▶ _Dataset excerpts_
▬▬▬▬▬▬▬▬▬▬
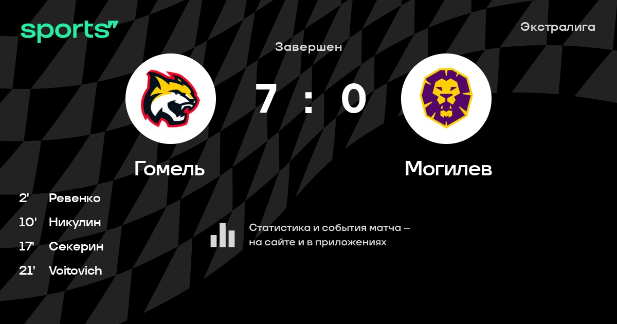 В прошедшем матче в рамках турнира Экстралига состоялась встреча команд Гомель - Могилев в городе Гомель (Беларусь) на стадионе Ледовый дворец Гомель (вместимость - 2700)
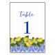 Limone I Italian Lemon & Blue Tile Table Numbers
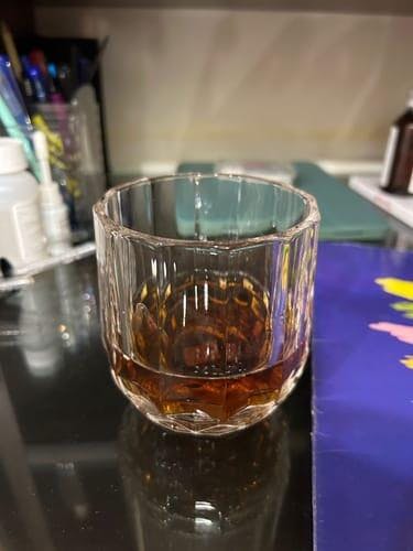 This glass has a premium feel! The design is classy and adds a touch of elegance to my evening drink. Feels sturdy and comfortable to hold.
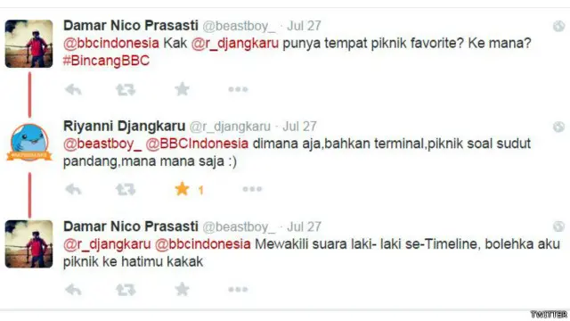 Nani Masriah (@nanimasriah): Apakah Mbak Riyani sudah menjelajah semua wilayah Indonesia? Wilayah mana yang menjadi favorit Mbak? #BincangBBC
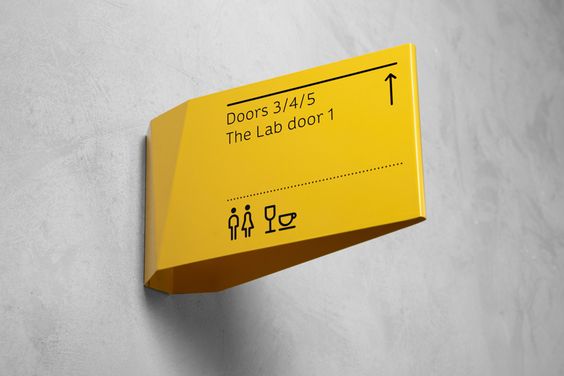 黃色三邊形的箭頭指引與衛(wèi)生間標識結(jié)合的標牌制與安裝。
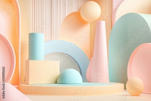 Fototapeta premium Creative agency branding with soft pastel 3D shapes, ideal for bright and...
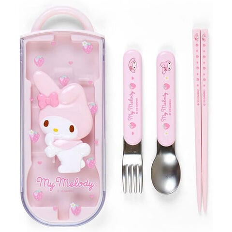 【送料無料!】サンリオ レリーフ付きランチトリオセット マイメロディ (箸 フォーク スプーン ケース お名前シール付属) 013846 【抗菌 おはし 給食 グッズ 雑貨】
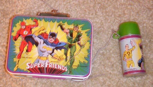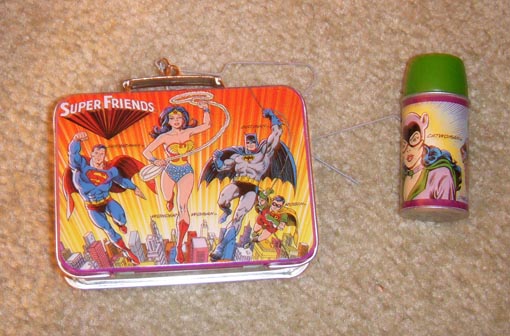 The coolest part about this lunchbox and thermos ornament set is that the lunchbox actually opens and you can store the thermos inside. Also, check out that art! Superman, Batman, Wonder Woman and Robin on the front? Of course, makes perfect sense. But Flash, Green Arrow and Batgirl on the back? That’s where it’s at for me. Then you’ve got Catwoman and Riddler on the thermos. Super cool. Here a better look at the rest of them.
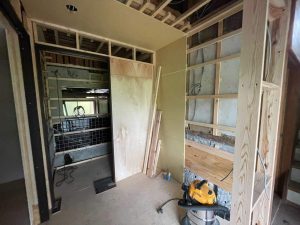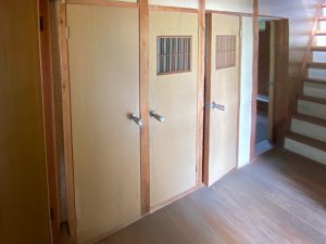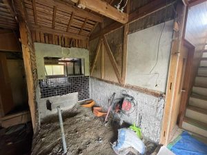お風呂、小便器、洋式トイレがあったところを解体し、洋式トイレと洗面所に変化しました。
▬▬▬▬▬▬▬▬▬▬
▶ _Assigned task_
What belongs in the answer is each line above, reproduced exactly, and no picture.

▶ _Response to this exercise_
 В прошедшем матче в рамках турнира Экстралига состоялась встреча команд Гомель - Могилев в городе Гомель (Беларусь) на стадионе Ледовый дворец Гомель (вместимость - 2700)
 Limone I Italian Lemon & Blue Tile Table Numbers
 This glass has a premium feel! The design is classy and adds a touch of elegance to my evening drink. Feels sturdy and comfortable to hold.
 Nani Masriah (@nanimasriah): Apakah Mbak Riyani sudah menjelajah semua wilayah Indonesia? Wilayah mana yang menjadi favorit Mbak? #BincangBBC
 黃色三邊形的箭頭指引與衛(wèi)生間標識結(jié)合的標牌制與安裝。
 Fototapeta premium Creative agency branding with soft pastel 3D shapes, ideal for bright and...
 【送料無料!】サンリオ レリーフ付きランチトリオセット マイメロディ (箸 フォーク スプーン ケース お名前シール付属) 013846 【抗菌 おはし 給食 グッズ 雑貨】
 The coolest part about this lunchbox and thermos ornament set is that the lunchbox actually opens and you can store the thermos inside. Also, check out that art! Superman, Batman, Wonder Woman and Robin on the front? Of course, makes perfect sense. But Flash, Green Arrow and Batgirl on the back? That’s where it’s at for me. Then you’ve got Catwoman and Riddler on the thermos. Super cool. Here a better look at the rest of them.
お風呂、小便器、洋式トイレがあったところを解体し、洋式トイレと洗面所に変化しました。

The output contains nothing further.